The project is done by following Multi-tier Architecture (such as separating concerns into layers like Controller, Service, and Repository), the main design principle I'm following is Separation of Concerns (SoC).
Separation of Concerns (SoC): This is the primary principle I'm following with multi-tier architecture. Each layer (Controller, Service, Repository) has its own responsibility:
- Controller: Handles incoming HTTP requests.
- Service: Contains business logic.
- Repository/DAO: Manages data persistence and interaction with the database.
DRY principle aims to reduce duplication in code, ensuring that any piece of logic, data, or behavior is implemented in only one place. This makes code easier to maintain, less error-prone, and more scalable.
UserServiceImpl.java class not fully following DRY principle. Because I'm using ResourceNotFoundException multiple place where duplication occurs.
CategoryServiceImpl.java class completely following DRY principle. Instead of repeating this logic in every method (e.g., getCategoryById, deleteCategory, updateCategory), I call findCategoryByIdOrThrow method to streamline the process and ensure consistency.
The goal is to avoid over-engineering. The KISS principle (Keep It Simple, Stupid) is about focusing on simplicity, clarity, and efficiency, using only what is necessary to meet the requirements. The hole project follows the KISS principle. No over engineering uses on the project.
This project not following all 5 of them but 2 of them are following such as:
- Following:
- SRP (Single Responsibility Principle): Each class has one responsibility.
- LSP (Liskov Substitution Principle): Interfaces are implemented correctly.
- ISP (Interface Segregation Principle): No unnecessary methods in interfaces.
- Partially Following:
- DIP (Dependency Inversion Principle): Good use of dependency injection, but could benefit from more abstraction in some areas.
- Not Fully Following:
- OCP (Open/Closed Principle): Modifying classes may be necessary for adding new features. Introducing extensions could improve this.

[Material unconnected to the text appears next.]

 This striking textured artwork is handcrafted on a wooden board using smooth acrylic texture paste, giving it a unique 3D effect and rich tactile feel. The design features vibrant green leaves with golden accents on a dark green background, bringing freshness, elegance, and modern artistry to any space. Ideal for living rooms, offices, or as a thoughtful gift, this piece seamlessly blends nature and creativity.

Note: However, don’t force SOLID into every corner of your project, especially when simpler, more straightforward solutions suffice.
- Add dependency:
<!-- Core API dependency --> <dependency> <groupId>io.jsonwebtoken</groupId> <artifactId>jjwt-api</artifactId> <version>0.12.6</version> </dependency> <!-- Implementation for runtime functionality --> <dependency> <groupId>io.jsonwebtoken</groupId> <artifactId>jjwt-impl</artifactId> <version>0.12.6</version> <scope>runtime</scope> </dependency> <!-- JSON processing (optional, recommended for Claims) --> <dependency> <groupId>io.jsonwebtoken</groupId> <artifactId>jjwt-jackson</artifactId> <version>0.12.6</version> <scope>runtime</scope> </dependency> - Create class JwtAuthenticationEntryPoint implements AuthenticationEntryPoint: This class will be called when unauthorized user trying to access our APIs.

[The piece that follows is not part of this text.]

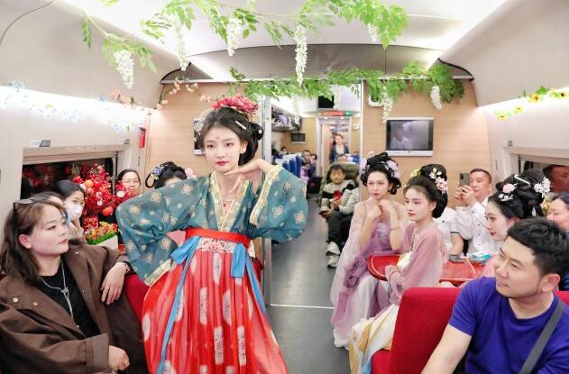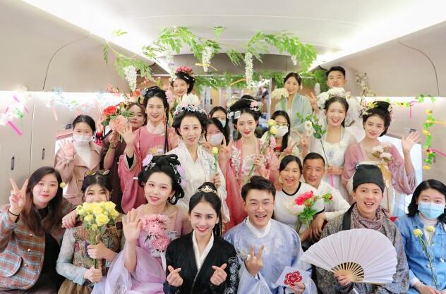 云南被稱為“世界鮮花王國”,為了讓旅客們更直觀地欣賞鮮花之美,感受濃厚的傳統文化氛圍,12名“金花”乘務員一大早便用鮮花將車廂布置一新,他們也裝扮成“十二花神”,以古風服裝、民樂演繹和傳統文化三大高熱度潮流為創意啟發,結合傳統文化體驗、非遺游戲、國風匯演等內容,讓旅客們耳目一新,體驗了一次不一樣的花朝節。
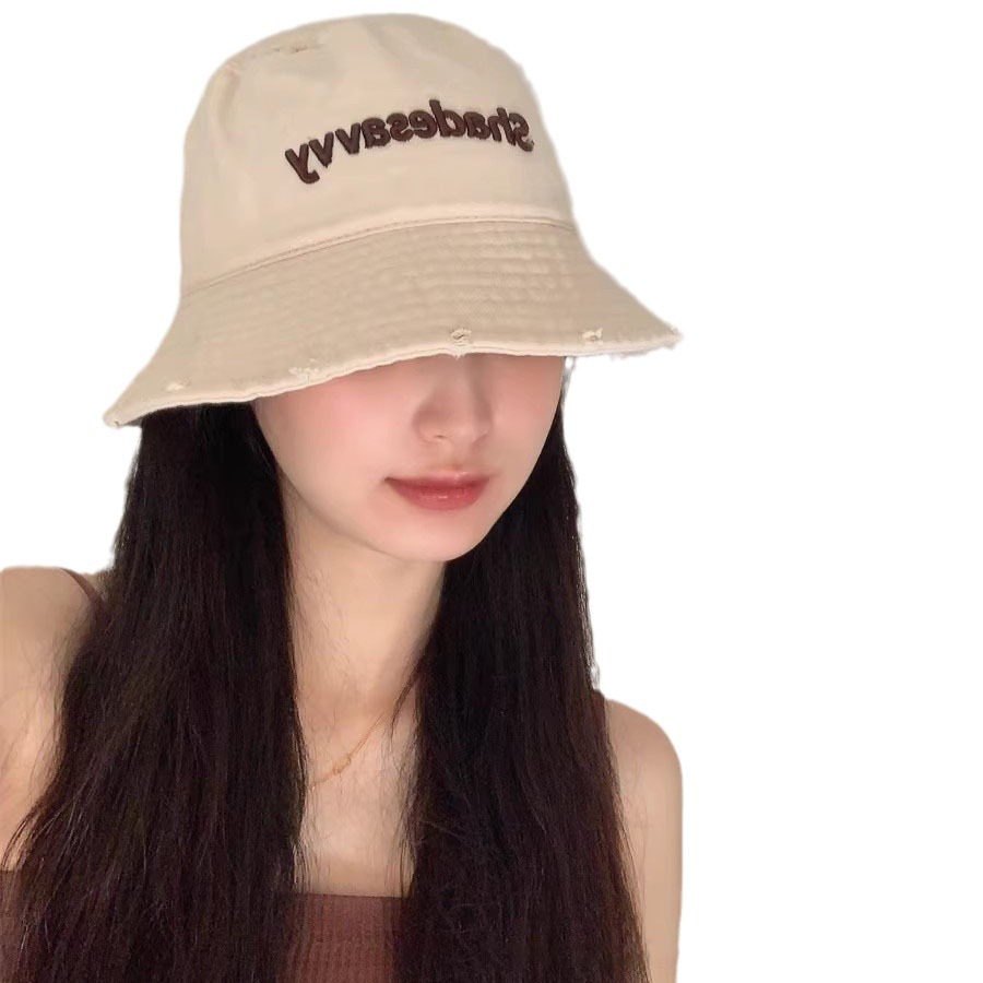 设计师破边大檐渔夫帽女韩版字母刺绣显脸小盆帽男夏季遮阳防晒帽

- Create class JwtTokenHelper: This class will contain lots of methods to perform operations over token like:
- Generating Token
- Validating Token
- Token expired or not
- Create class JwtAuthenticationFilter extends OnceRequestFilter: This class will work like filter before reaching to API.
- Create class JwtAuthResponse: We will hold the token here.
- Configure JWT in Spring Security config: We will configure and tell when to start, where to go & where to take action.
- Create Login API to return token: If user authenticated we will generate token and return it.